K Scale: Cubes and Cube Roots

The K scale works like the A scale. To cube any number N, find N on the D scale and look at the corresponding number on the K scale.

For example, this shows that 2 cubed is 8 (it actually shows that 2 squared is 4, and cubed is 8):

Yet the K scale also has the value 80, whose cube root is 4.31:

And the K scale also has the value 800, whose cube root is 9.28:

So while the A scale splits into 2 equal parts (1-10 and 10-100), the K scale splits into 3 equal parts: 1-10, 10-100, and 100-1000. Each of these occupies exactly 1/3 of the scale:

As with the A scale, cubing numbers is simple. Find N on the D scale and the corresponding K scale is N cubed. Yet doing the opposite, taking the cube root, is a bit more complex. You need to know which 1/3 of the scale to use. The procedure is a simple extension of what we did for the A scale. Yet since the A scale had only 2 parts, we thought of it as flipping back and forth. With the K scale having 3 parts, instead of flipping, each shift of the decimal point rotates forward to the next, or back to the prior part of the scale.

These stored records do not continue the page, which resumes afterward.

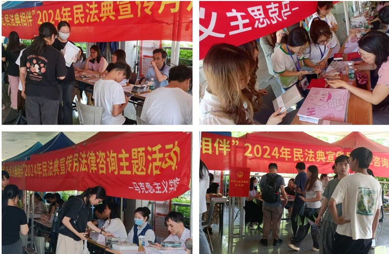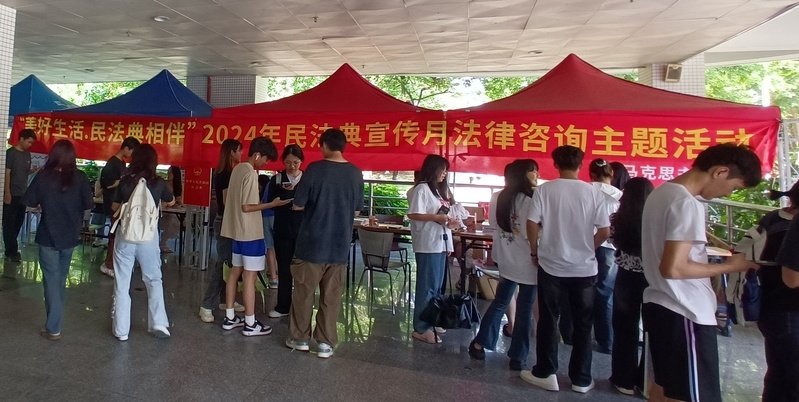 为深入学习贯彻习近平法治思想和党的二十大报告中“坚持全面依法治国,推进法治中国建设”的重要指示精神及党中央、广东省关于深入学习宣传民法典的相关要求,广泛开展民法典普法工作,引导365官网学生增强法治意识,自觉尊法学法守法用法,马克思主义学院与学生社团青年马克思主义学社于5月14日在白云校区子矜广场举办了以“美好生活·民法典相伴”为主题的2024年民法典宣传月活动。
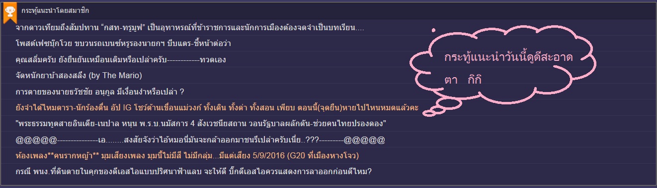 ดูกระทู้แนะนำนะเจ้าคะมีแต่กระทู้คนเสื้อแดง แต่มาดูกระทู้ทั้งหมด เอ้ามีกระทู้ ชะเลียติดๆกันเลยเจ้าคะ 555 ดูแล้วขรรมจินๆเจ้าคะ กิกิ
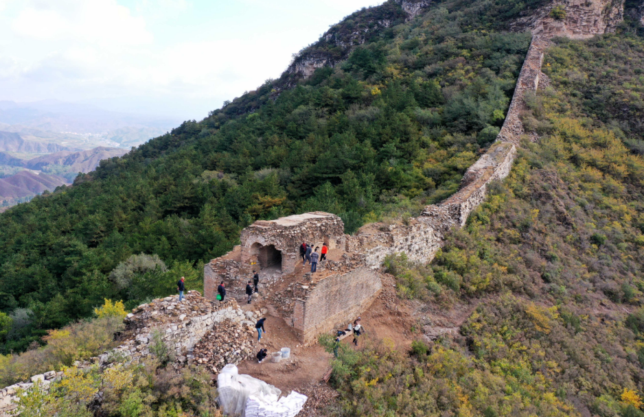 在连绵起伏的山脊上,一条灰白色的砖石长龙匍匐向前,一座又一座敌台高耸其间。10月8日,记者跟随工作人员来到位于古北口镇的卧虎山长城。从山脚下开始爬,翻过一道道山梁,大约50分钟后,一行人气喘吁吁地来到长城脚下。
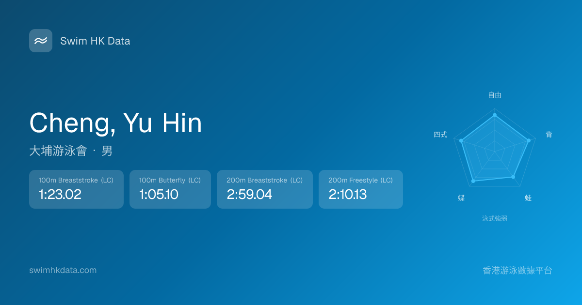 此圖表根據你所有比賽成績計算,顯示你在各泳式的相對強弱,僅供參考。繼續努力,每一次練習都會讓你更快更強!💪
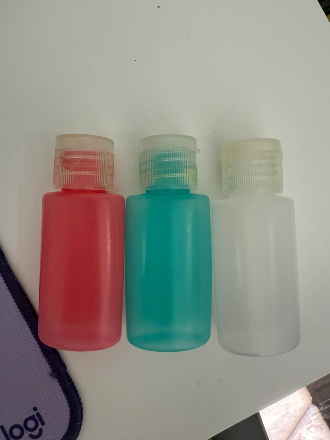 Set of three empty travel bottles. Various colours. Flip-top caps. Small and portable.
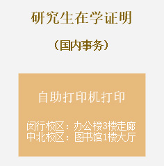 4.国内事务:不需要网上申请,直接到自助打印机上打印即可。内容为中文版,已加盖研究生院学籍证明专用章,直接可用。
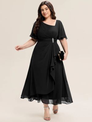Midi crna haljina sa kratkim rukavima i brošem.

For example, consider the number 8:

The cube root of 8 is 2 (part 1 of K scale).
The cube root of 80 is 4.31 (part 2 of K scale).
The cube root of 800 is 9.28 (part 3 of K scale).
The cube root of 8000 is 20 (part 1 of K scale).

It repeats every 3rd shift of the decimal point. And it also applies in the reverse direction as numbers get smaller:

The cube root of 0.8 is 0.928 (part 3 of K scale).
The cube root of 0.08 is 0.431 (part 2 of K scale).
The cube root of 0.008 is 0.2 (part 1 of K scale).

Exponents and Roots other than 2 or 3

Most everyday problems, especially those involving basic physics, use squares or cubes. Powers other than 2 or 3 are uncommon. Yet we do occasionally encounter them and you can solve them with a slide rule. The trick is to know some basic math rules about adding exponents.

Suppose we some number N, say 3.5, and we want to know N to some power, say the 7th power. So how would we compute 3.5^7 with our slide rule?

First, we split the exponent into smaller parts involving squares and cubes:

3.5^7 = 3.5^(2+2+3)

Next we split this out:

 3.5^(2+2+3) = 3.5^2 * 3.5^2 * 3.5^3

Now we have split the problem into squares and cubes so we can compute it on our slide rule:

3.5^2 = 12.2
3.5^3 = 42.8
12.2 * 12.2 * 42.8 = 150 * 42.8 = 6,430

Checking this with a calculator, I get 6,433.9. The slide rule gave us 3 significant figures.

Note: you can apply this same method with roots by taking the exponents as fractions. That is, the square root of 2 is 2 to the 1/2 power, cube root of 2 is 2 so the 1/3 power, etc.

What About that B Scale?

The B scale is the same as the A scale, used for squares and square roots. But it corresponds with the C scale instead of the D scale. Using D-A is the same as C-B. The B scale isn’t essential, but it is sometimes useful. On the Concise model 300, the A scale is along the outer circumference and the B scale is further inside. This makes the A scale longer and more accurate.

To quantify, on this Concise model 300 the A scale has a diameter of 9.2 cm and B scale 5.9. The A scale is 9.2 / 5.9 = 1.56 times longer. That’s a significant difference!

Conclusion

With squares and cubes, the power of the slide rule increases and we can solve a wider variety of problems. The next step is trigonometry: sine, cosine, tangent. These come up frequently in simple physics and everyday problems. This is covered in part 3.